Simonx Xu · web-flow · commit ffd12bc40ea2 · 2025-03-06T09:52:03.000+08:00
AB#3140: Private version of PR#1742
diff --git a/support/azure/azure-kubernetes/create-upgrade-delete/aks-common-issues-faq.yml b/support/azure/azure-kubernetes/create-upgrade-delete/aks-common-issues-faq.yml
@@ -3,8 +3,8 @@ metadata:
   title: Azure Kubernetes Service (AKS) common issues FAQ
   description: Review a list of frequently asked questions (FAQ) about common issues when you're working with an Azure Kubernetes Service (AKS) cluster.
   ms.topic: faq
-  ms.date: 11/14/2023
-  ms.reviewer: chiragpa, nickoman, v-leedennis
+  ms.date: 03/06/2025
+  ms.reviewer: chiragpa, nickoman, jotavar, v-leedennis, v-weizhu
   ms.service: azure-kubernetes-service
   ms.custom: sap:Create, Upgrade, Scale and Delete operations (cluster or nodepool)
 
@@ -26,8 +26,7 @@ sections:
       - question: |
           Can I move my cluster to a different subscription, or move my subscription with my cluster to a new tenant?
         answer: |
-          If you've moved your AKS cluster to a different subscription or the cluster's subscription to a new tenant, the cluster won't function because of missing cluster identity permissions. AKS doesn't support moving clusters across subscriptions or tenants because of this constraint.
-
+          No. If you've moved your AKS cluster to a different subscription or the cluster's subscription to a new tenant, the cluster won't function because of missing cluster identity permissions. AKS doesn't support moving clusters across subscriptions or tenants because of this constraint. For more information, see [Operations FAQ](/azure/aks/faq#operations).
       - question: |
           What naming restrictions are enforced for AKS resources and parameters?
         answer: |
@@ -42,7 +41,10 @@ sections:
           - AKS node pool names must be all lowercase. The names must be 1-12 characters in length for Linux node pools and 1-6 characters for Windows node pools. A name must start with a letter, and the only allowed characters are letters and numbers.
 
           - The *admin-username*, which sets the administrator user name for Linux nodes, must start with a letter. This user name may only contain letters, numbers, hyphens, and underscores. It has a maximum length of 32 characters.
-
+          
+          For more information about naming convention. see the following resources:
+           - [Naming rules and restrictions for Azure resources](/azure/azure-resource-manager/management/resource-name-rules#microsoftcontainerservice)

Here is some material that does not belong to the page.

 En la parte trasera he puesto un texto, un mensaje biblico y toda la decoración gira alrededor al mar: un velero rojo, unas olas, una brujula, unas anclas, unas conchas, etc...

+           - [Abbreviation recommendations for Azure resources](/azure/cloud-adoption-framework/ready/azure-best-practices/resource-abbreviations#containers)
 additionalContent: |
   [!INCLUDE [Third-party disclaimer](../../../includes/third-party-disclaimer.md)]
   
diff --git a/support/azure/azure-kubernetes/create-upgrade-delete/error-code-poddrainfailure.md b/support/azure/azure-kubernetes/create-upgrade-delete/error-code-poddrainfailure.md
@@ -1,9 +1,9 @@
 ---
 title: Troubleshoot UpgradeFailed errors due to eviction failures caused by PDBs
 description: Learn how to troubleshoot UpgradeFailed errors due to eviction failures caused by Pod Disruption Budgets when you try to upgrade an Azure Kubernetes Service cluster.
-ms.date: 02/23/2025
+ms.date: 03/06/2025
 editor: v-jsitser
-ms.reviewer: chiragpa, v-leedennis, v-weizhu
+ms.reviewer: chiragpa, jotavar, v-leedennis, v-weizhu
 ms.service: azure-kubernetes-service
 ms.custom: sap:Create, Upgrade, Scale and Delete operations (cluster or nodepool)

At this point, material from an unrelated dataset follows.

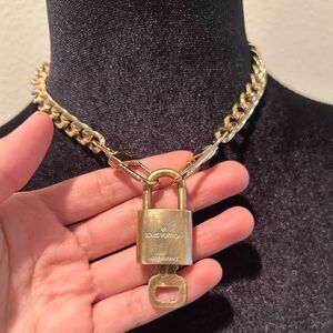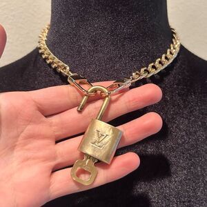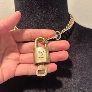 Louis Vuitton #313 Lock and Key Gold Brass with new unbranded chain

 #Customer intent: As an Azure Kubernetes Services (AKS) user, I want to troubleshoot an Azure Kubernetes Service cluster upgrade that failed because of eviction failures caused by Pod Disruption Budgets so that I can upgrade the cluster successfully.

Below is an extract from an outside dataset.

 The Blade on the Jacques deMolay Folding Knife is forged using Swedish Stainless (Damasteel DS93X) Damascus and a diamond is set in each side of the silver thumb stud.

@@ -15,44 +15,98 @@ This article discusses how to identify and resolve UpgradeFailed errors due to e
 
 ## Prerequisites
 
-This article requires Azure CLI version 2.0.65 or a later version. To find the version number, run `az --version`. If you have to install or upgrade Azure CLI, see [How to install the Azure CLI](/cli/azure/install-azure-cli).
+This article requires Azure CLI version 2.67.0 or a later version. To find the version number, run `az --version`. If you have to install or upgrade Azure CLI, see [How to install the Azure CLI](/cli/azure/install-azure-cli).
 
 For more detailed information about the upgrade process, see the "Upgrade an AKS cluster" section in [Upgrade an Azure Kubernetes Service (AKS) cluster](/azure/aks/upgrade-cluster#upgrade-an-aks-cluster).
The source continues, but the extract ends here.